How to use Confusion Matrix in Scikit-Learn

Share this post

The confusion matrix is often used in machine learning to compute the accuracy of a classification algorithm.

It can be used in binary classifications as well as multiclass classification problems.

What the Confusion Matrix Measures?

It measures the quality of predictions from a classification model by looking athow many predictions are True and how many are False.


Subscribe to my Newsletter


Specifically, it computes:

  • True positives (TP)
  • False positives (FP)
  • True negatives (TN)
  • False negatives (FN)

Understand the Confusion Matrix

Here, we will try to make sense of the true positive, true negative, false positive and false negative values mean.

True Positive

The model predicted true and it is true.

The model predicted that someone is sick and the person is sick.

True Negative

The model predicted false and it is false.

The model predicted that someone is not sick and the person is not sick.

False Positive

The model predicted True and it is false.

The model predicted that someone is sick and the person is not sick.

False Negative

The model predicted false and it is true.

The model predicted that someone is not sick and the person is sick.

How to Create a Confusion Matrix in Scikit-learn?

To create the confusion matrix, we will:

  • Run a classification algorithm
  • Create a confusion matrix
  • Plot the confusion matrix
  • Inspect the classification report

Run a classification algorithm

In a previous article, we classified breast cancers using the k-nearest neighbors algorithm from scikit-learn.

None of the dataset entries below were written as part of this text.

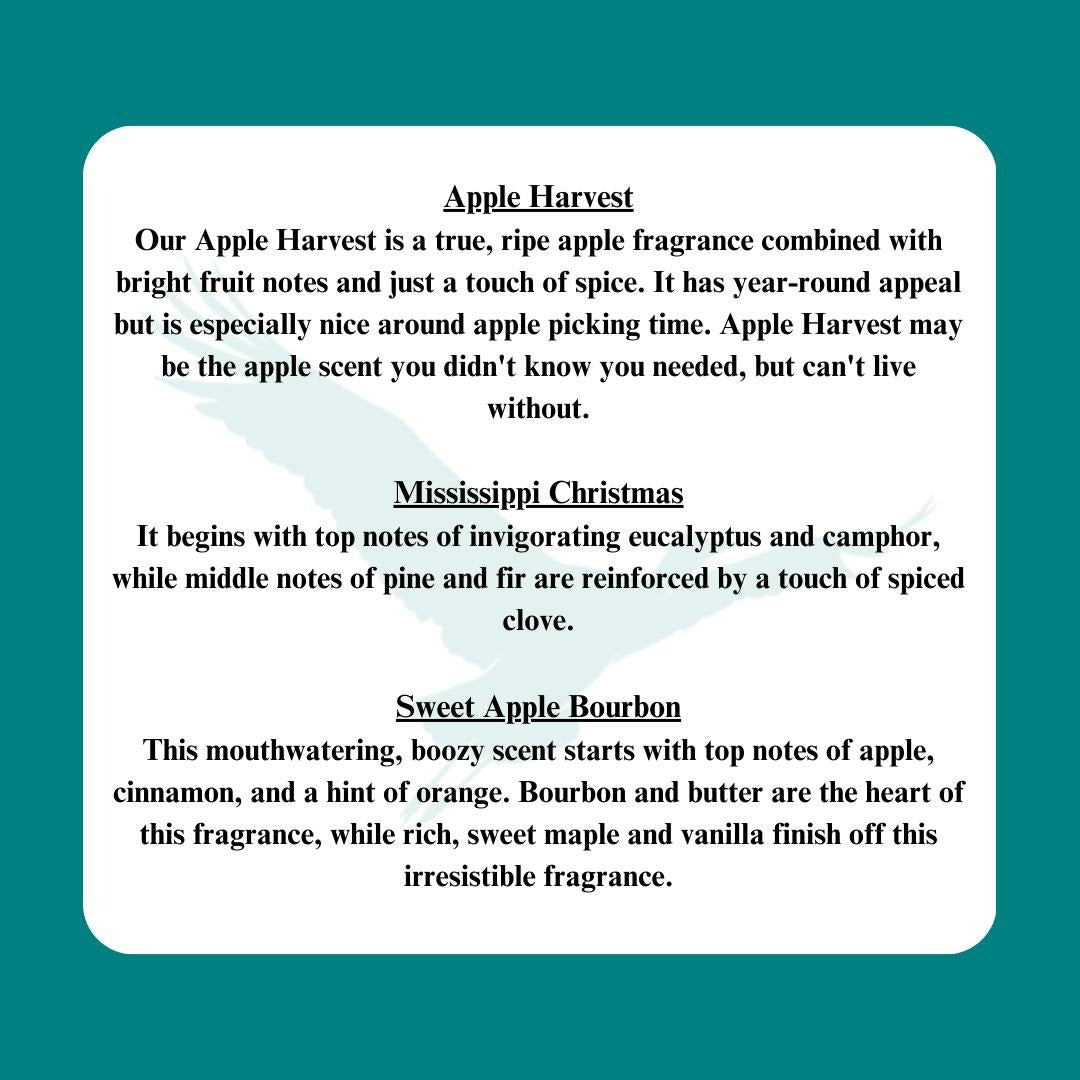 Fragrance Oil: High quality fragrance oil that are pet safe and free of reproductive and cancer causing toxins. Each fragrance has a different ingredients to produce the different fragrance notes. Oils are derived from essential oils. Oils can contain nut oil.
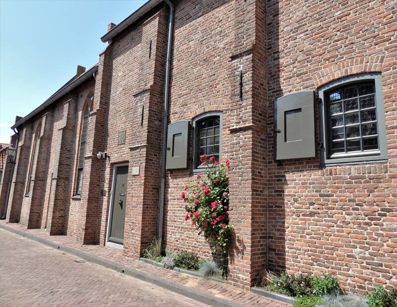 Na het museum ga ik de stad in. Harderwijk kreeg in 1231 stadsrechten. Vanaf dat moment ontwikkelde de stad zich snel tot een vooraanstaande handelsstad. In het centrum veel oude panden, met planten en zitjes voor de deur. In een ander leven, een leven met andere keuzes, had ik ook in een huis gewoond met planten voor de deur, en zat ik op een bankje te praten met mensen uit de straat. De Smeepoortenbrink was een marktplein waar van alles verhandeld werd door handelaren uit de omgeving. Zij kwamen de stad binnen via de Smeepoort. Op de Vischmarkt werd vooral koren, graan en vis verhandeld. Maar ook zout, haring en stokvis uit Scandinavië, pelzen en bont uit Rusland en hout en graan uit Polen.
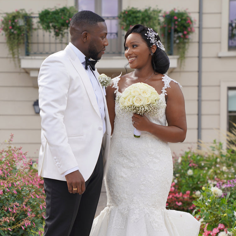 Bride laughing with groom among flowers in a beautiful BridalMelody gown
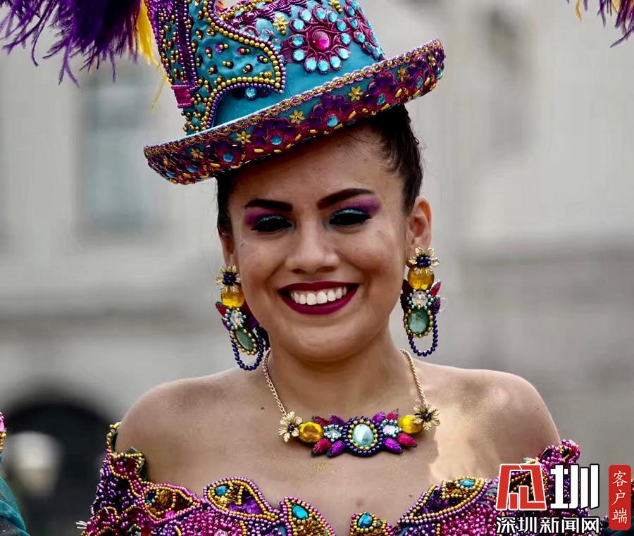 市中心武器廣場幾支中老年拉丁舞蹈隊(duì)艷麗的化妝和特色鮮明的民族服裝吸引著眾多的游客。李仁奇攝

I will not explain this part of the code, but you can look at the detail in the article on the k-nearest neighbors.

import pandas as pd
from sklearn.datasets import load_breast_cancer
from sklearn.neighbors import KNeighborsClassifier
from sklearn.model_selection import train_test_split

def to_target(x):
    """Map targets to target names"""    
    return list(dataset.target_names)[x]

# Load data
dataset = load_breast_cancer()
df = pd.DataFrame(dataset.data,columns=dataset.feature_names)
df['target'] = pd.Series(dataset.target)
df['target_names'] = df['target'].apply(to_target)


# Define predictor and predicted datasets
X = df.drop(['target','target_names'], axis=1).values
y = df['target_names'].values

# split taining and test set
X_train, X_test, y_train, y_test = train_test_split(X, y, test_size=0.3, random_state=42, stratify=y)

# train the model
knn = KNeighborsClassifier(n_neighbors=8)
knn.fit(X_train, y_train)
y_pred = knn.predict(X_test)

# compute accuracy of the model
knn.score(X_test, y_test)

The result is an accuracy score of the model.

0.9239766081871345

Create a confusion matrix

Use the confusion_matrix method from sklearn.metrics to compute the confusion matrix.

from sklearn.metrics import confusion_matrix

cm = confusion_matrix(y_test,y_pred)
cm

The result is an array in which positions are the same as the quadrant we saw in the past.

array([[ 57,   7],
       [  5, 102]])
  • cm[0][0] = TP
  • cm[1][1] = TN
  • cm[0][1] = FP
  • cm[1][0] = FN

Plot the confusion matrix

You can use the plot_confusion_matrix method to visualize the confusion matrix.

import matplotlib.pyplot as plt
from sklearn.metrics import plot_confusion_matrix

color = 'white'
matrix = plot_confusion_matrix(knn, X_test, y_test, cmap=plt.cm.Blues)
matrix.ax_.set_title('Confusion Matrix', color=color)
plt.xlabel('Predicted Label', color=color)
plt.ylabel('True Label', color=color)
plt.gcf().axes[0].tick_params(colors=color)
plt.gcf().axes[1].tick_params(colors=color)
plt.show()

The result is your confusion matrix plot.

  • Top left quadrant = True Positives = Number of benign labelled as benign
  • Bottom right quadrant = True Negatives = Number of malignant labelled as malignant
  • Top right quadrant = False Positives = Number of benign labelled as malignant
  • Bottom left quadrant = False Negatives = Number of malignant labelled as benign

Run the classification report

With data from the confusion matrix, you can interpret the results by looking at the classification report.

from sklearn.metrics import classification_report

print(classification_report(y_test, y_pred))

If you don’t understand the result above, make sure that you read the article that I wrote on the classification report.

Conclusion

This article was quite big to grasp.

All I want you to leave with is that it is super important to look at the confusion matrix to help you fine-tune your machine learning models.

This can modify the accuracy score quite heavily in some cases.

Good work on building your first confusion matrix in Sci-kit learn.